Here's how you'd do something similar in our OrmLite ORM [1]:
public class Person
{
[AutoIncrement]
public int Id { get; set; }
public string? FirstName { get; set; }
[Required]
public string LastName { get; set; }
}
Create Table:
var db = dbFactory.Open(); // Resolve ADO.NET IDbConnection
db.CreateTable<Person>(); // Create RDBMS Table from POCO definition
Execute Query:
// Performs SQL Query on Server that's returned in a List<Person>
var results = db.Select<Person>(x => x.FirstName.StartsWith("A") && x.LastName == "B");
// Use LINQ to further transform an In Memory collection
var to = results.Where(MemoryFilter).OrderBy(MemorySort).ToList();
Everything works off the POCO, no other external tools, manual configuration mapping, or code gen needed.
This would fail at run-time instead of compile-time.

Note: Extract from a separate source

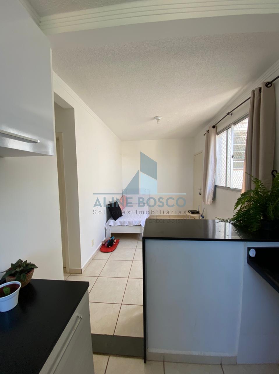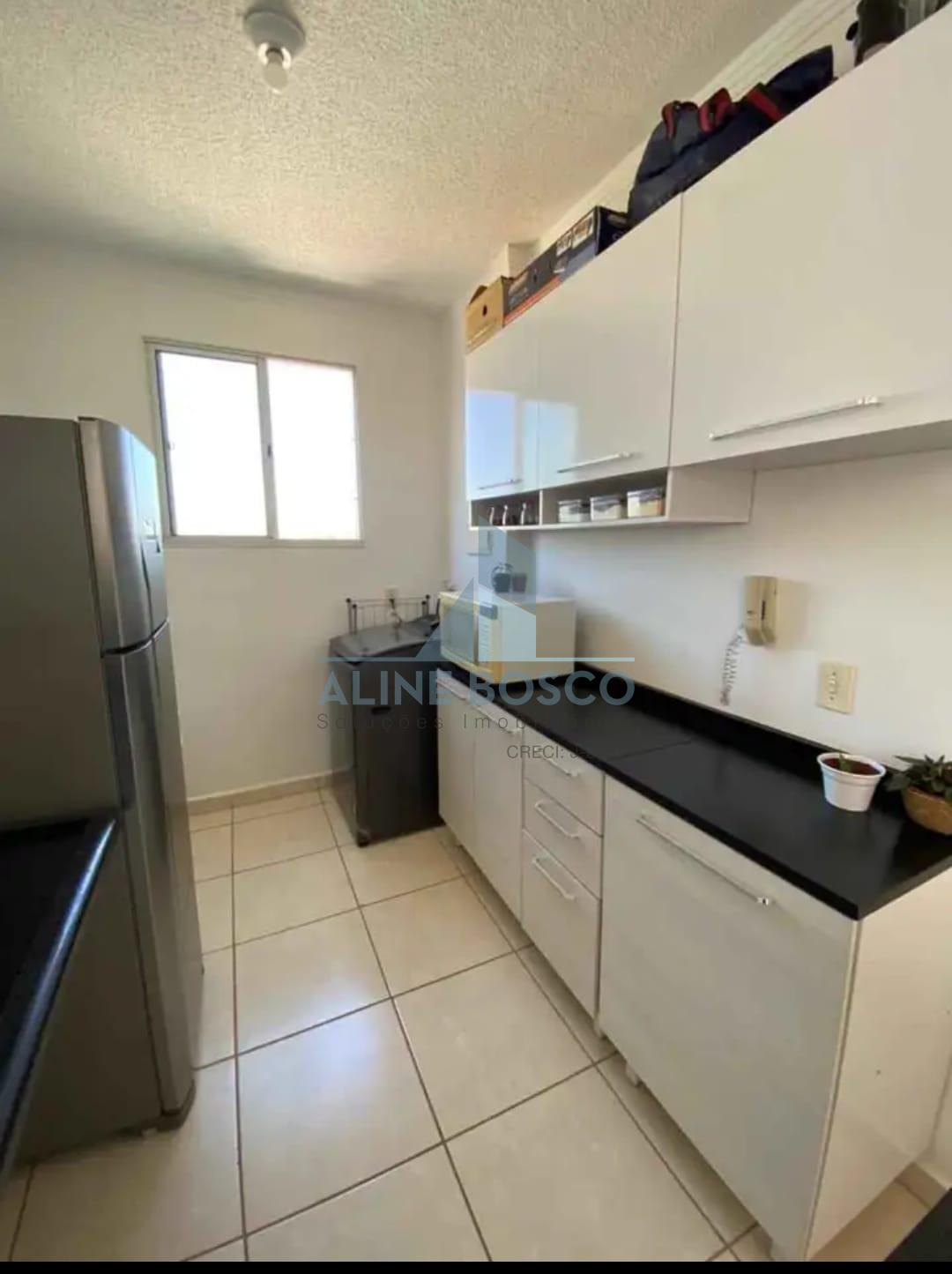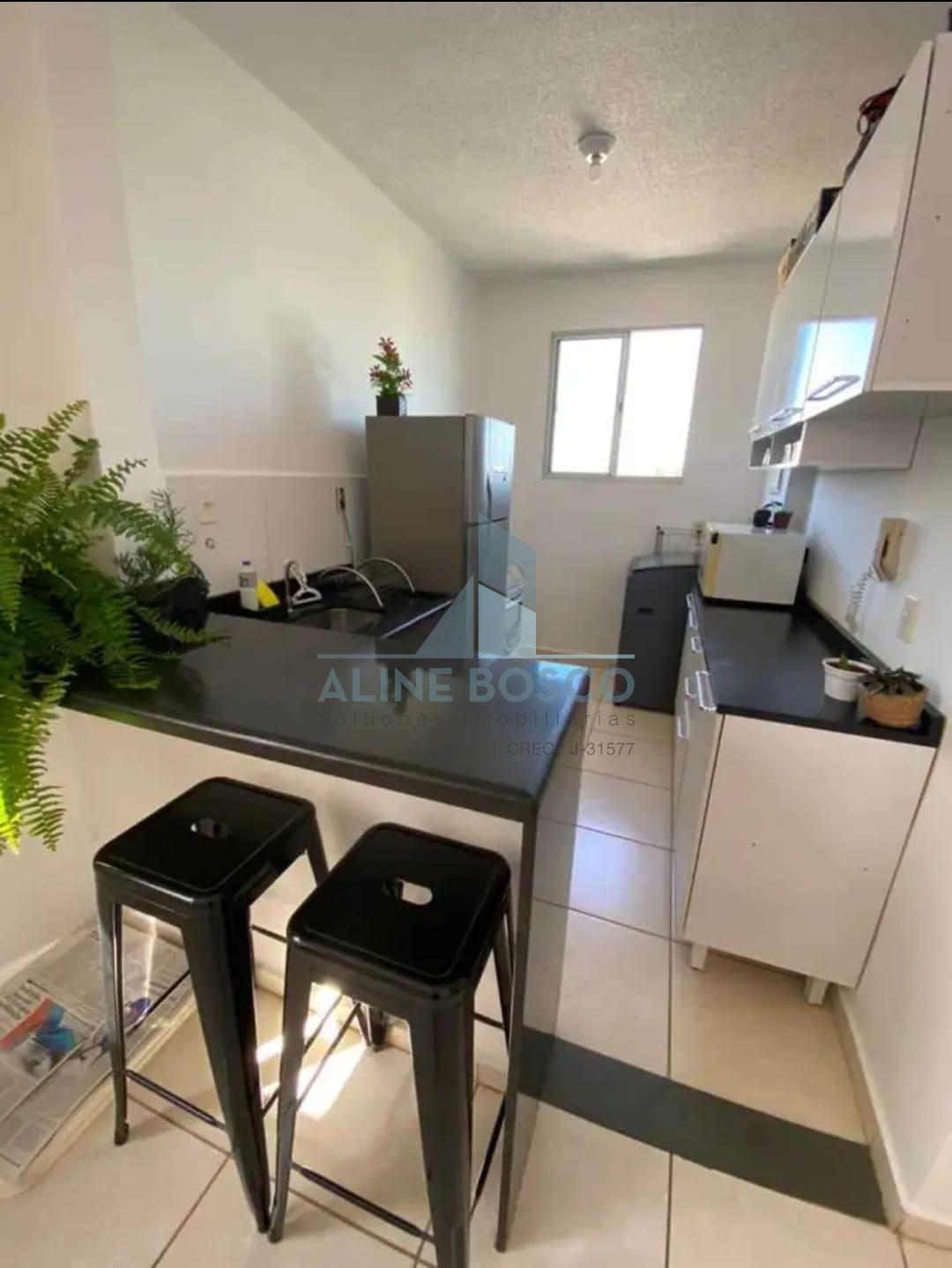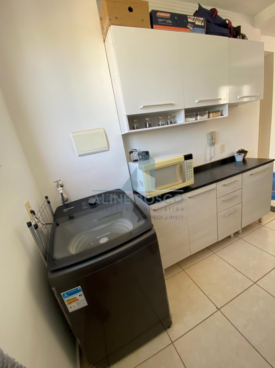 Apartamento Parque Álamo, com dois dormitórios, banheiro social, sala dois ambientes, cozinha americana com balcão em granito e lavanderia, uma vaga de garagem coberta.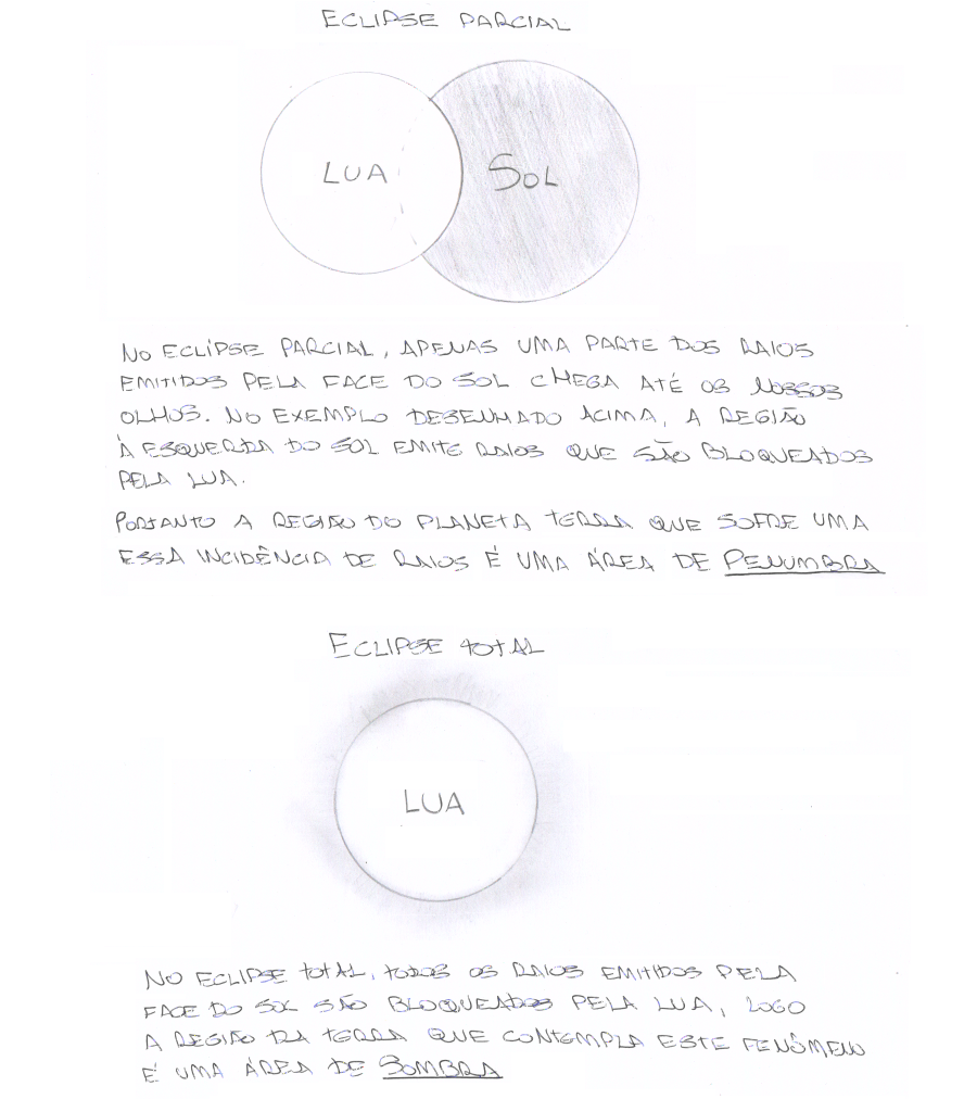 MARIA: O eclipse solar ocorre quando a lua posiciona-se entre o sol e a terra, fazendo o sol “desaparecer”. E o eclipse lunar ocorre quando a lua está na região de sombra da terra.

That's why I'd rather see the DB classes auto-generated with a mapper to convert them. Having the "master" be POCOs instead of JSON/XML/YAML/whatever isn't something I'm convinced on in either direction, but imho the in-database classes being not real POCOs is the important part because it reduces the the problem of somebody writing Person.MyMethod() and then blowing up because it's not a SQL function.
How would you perform this regex query with your code generated solution? What would have to be code generated and what would the developer have to write?

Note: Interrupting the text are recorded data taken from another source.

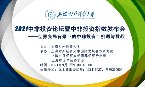 9月9日,由上海對外經(jīng)貿(mào)大學(xué)主辦,上海對外經(jīng)貿(mào)大學(xué)國際發(fā)展合作研究院、國際經(jīng)貿(mào)研究所、上海市世界經(jīng)濟(jì)學(xué)會承辦的“2021中非投資論壇暨中非投資指數(shù)發(fā)布會”研討會通過視頻會議形式舉行。本次研討會以“世界變局下的中非投資:機(jī)遇與挑戰(zhàn)”為主題,來自國際機(jī)構(gòu)、金融機(jī)構(gòu)、企業(yè)及中國最重要的非洲研究機(jī)構(gòu)如中國社科院西亞非洲研究所、南開大學(xué)、南京大學(xué)、廈門大學(xué)、山東大學(xué)、浙江師范大學(xué)、廣東外語外貿(mào)大學(xué)等在非洲經(jīng)濟(jì)研究領(lǐng)域擁有卓越影響力的專家學(xué)者出席了本次論壇并對世界變局下的中非投資合作問題進(jìn)行了深入探討。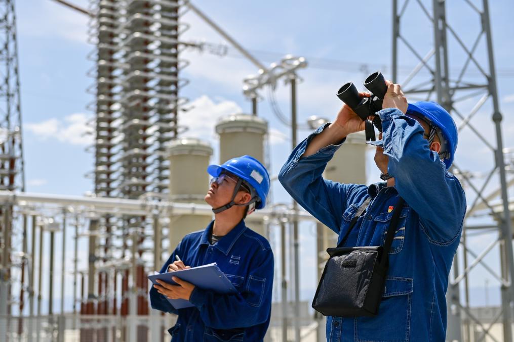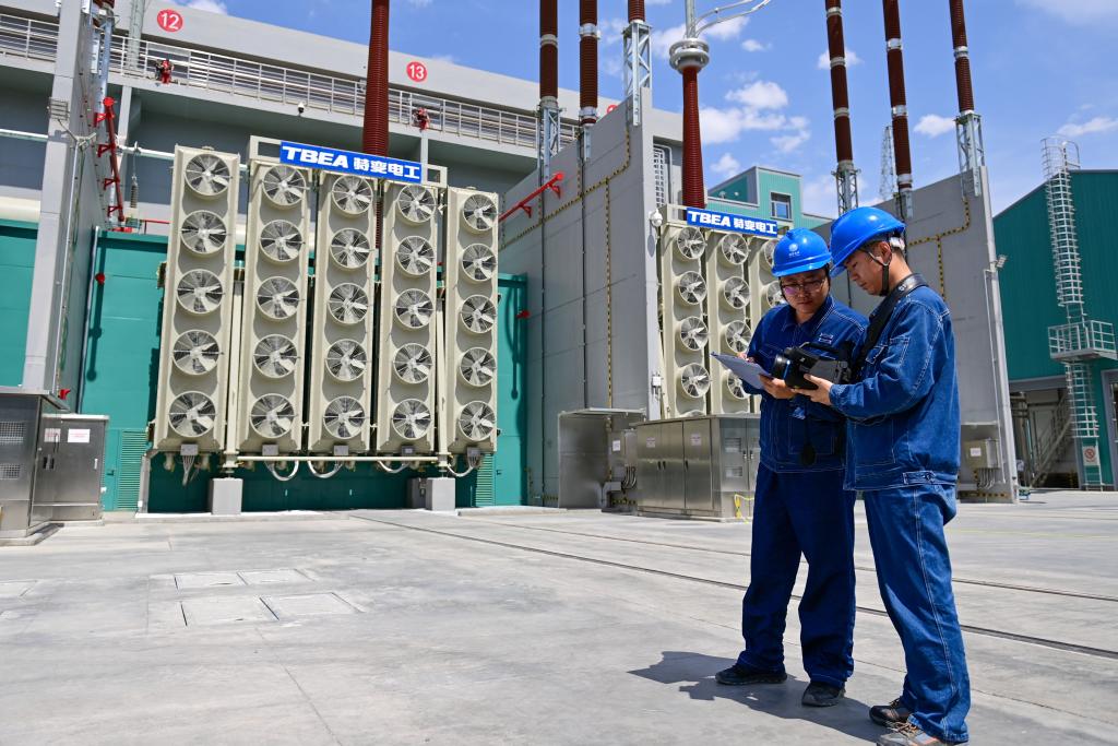 6月10日,在哈密—重庆±800千伏特高压直流输电工程新疆送端站——巴里坤换流站,运检人员在换流变区域进行红外检测工作。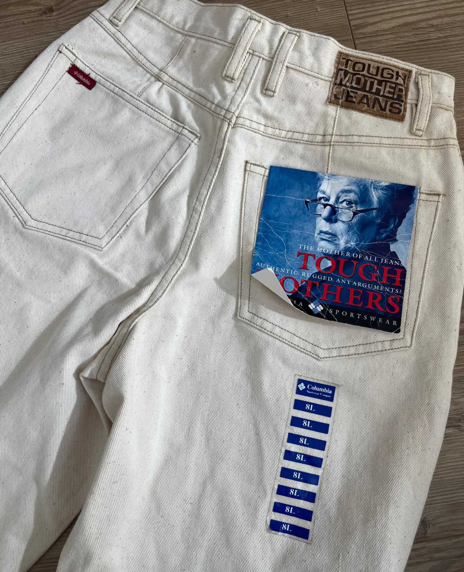 Snag a rare find: these deadstock ’90s Tough Mother jeans by Columbia in a creamy hue are unworn and ready to rock. Made from 100% cotton with a metal zipper and classic regular fit, they’re marked size 8L and best fit a modern 6/8.

As there's a lot more features available in different RDBMS's than what's available in C# expression syntax, you can use SQL Fragments whenever you need to:
Yes, it's a trivial example. I'm not looking to support it, I'm looking to catch it at compile-time.
if "Person.FirstName" is a string, then that encourages users to use string-operations against it, which will fail if this expression is being translated to SQL for executing in the DB.

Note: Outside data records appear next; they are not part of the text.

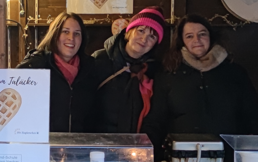 Waffelverkauf auf dem Wendlinger Weihnachtsmarkt für Stiftergemeinschaft und Klassenkasse. Hier 3 von 35 Helferinnen und Helfern: (v.l.n.r.): Nathalie Wiedmann, Suzana Tica, Susanne Olhorn (Foto: Die Zieglerschen)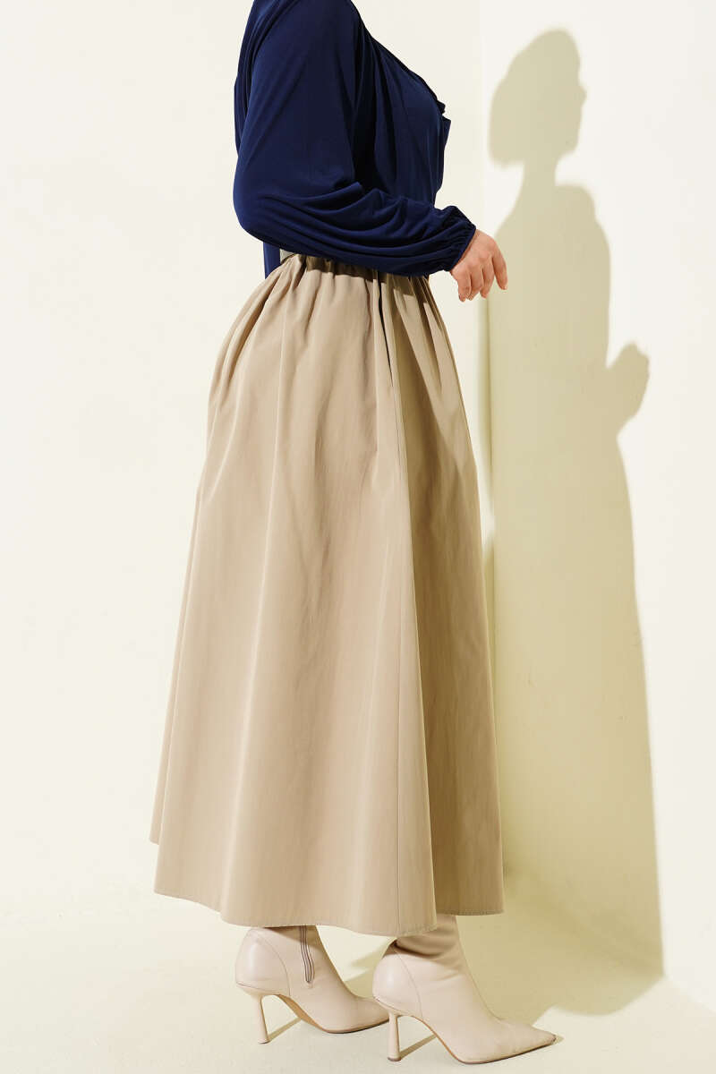 Fermuarlı Kemerli Poplin Etek Mürdüm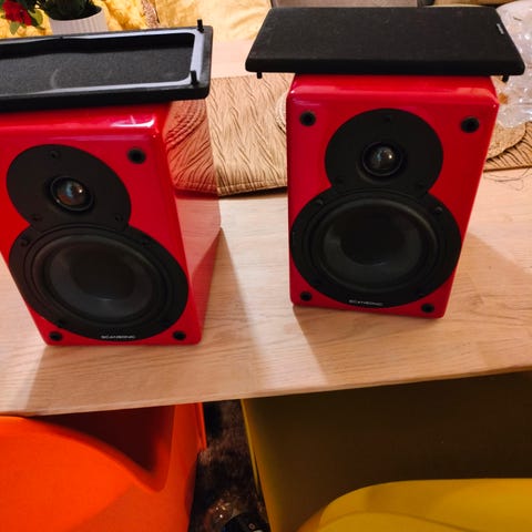 Høyttalere i hvit farge. Høyttaleren har en kompakt design med metallgitter foran på Canton høytalere og svart duk på deler av Scansonic S9 Passer til bruk i hjemmelydsystemer. Veldig bra høytalere .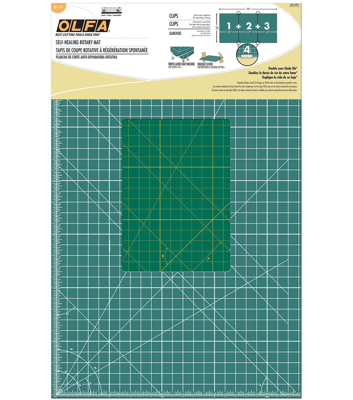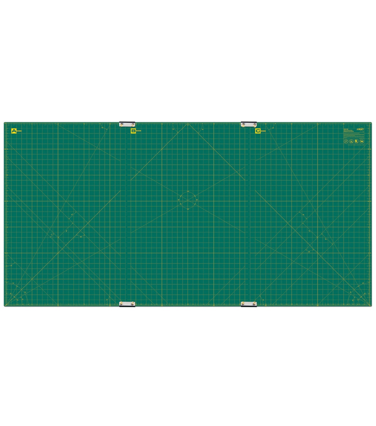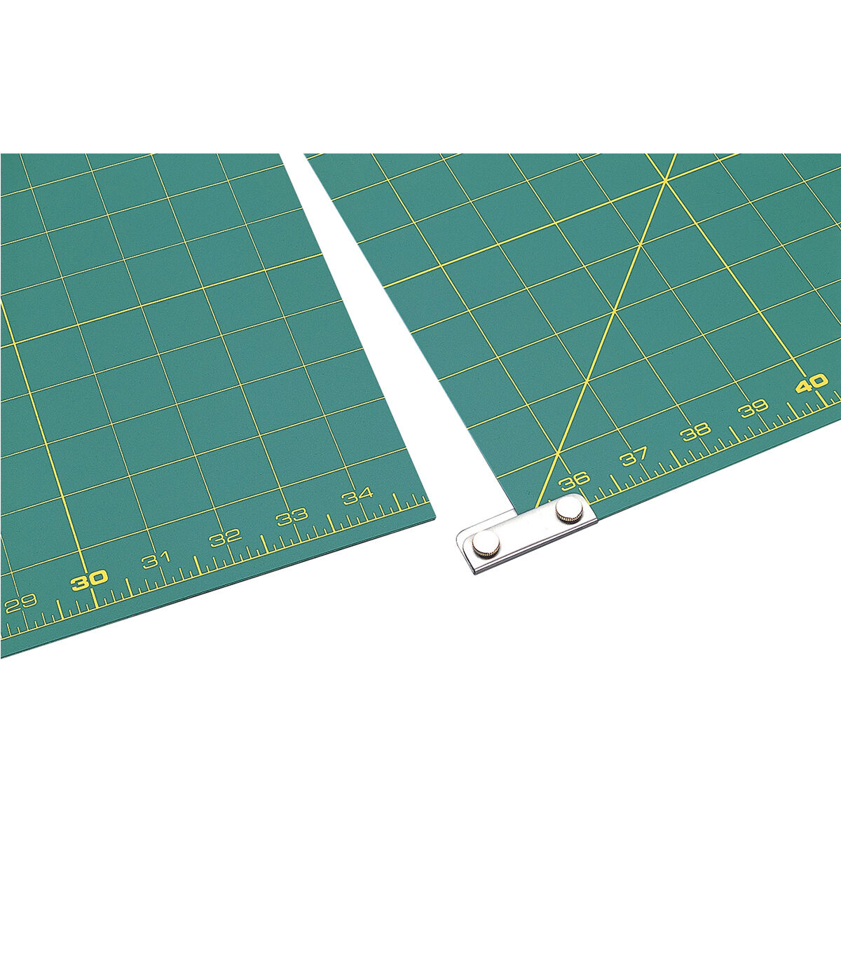 Create large size sewing or quilting projects easily using the Olfa Gridded Cutting Mat Set With Clips. This superior quality cutting mat is made of a self-healing material and is resilient to permeating rotary cutters. It features convenient grid lines, hash marks and bias diagonals for precision cutting or piercing. It also comes with three mats and four clips to enlarge the mat in continued order.

if "Person.FirstName" is some other type with no meaningful operations supported on it (which will get converted into a string when the query is executed) then it prevents many many classes of logic errors.
Saw EF now supports custom SQL queries, so been considering that once we've moved to MSSQL (old db server isn't supported by EF).
We're quite accustomed to writing our own SQL select statements and would like to continue doing that to have known performance, but the update, insert and delete statements are a chore to do manually, especially for once you're 4-5 parent child levels deep.
We're not doing that where we come from. All child tables have the main id so we can load the data for all child rows with just one query per child table, and we load everything at once.
We were planning on sticking with this, it has worked well so far, but good to know to avoid getting tempted by the alternative.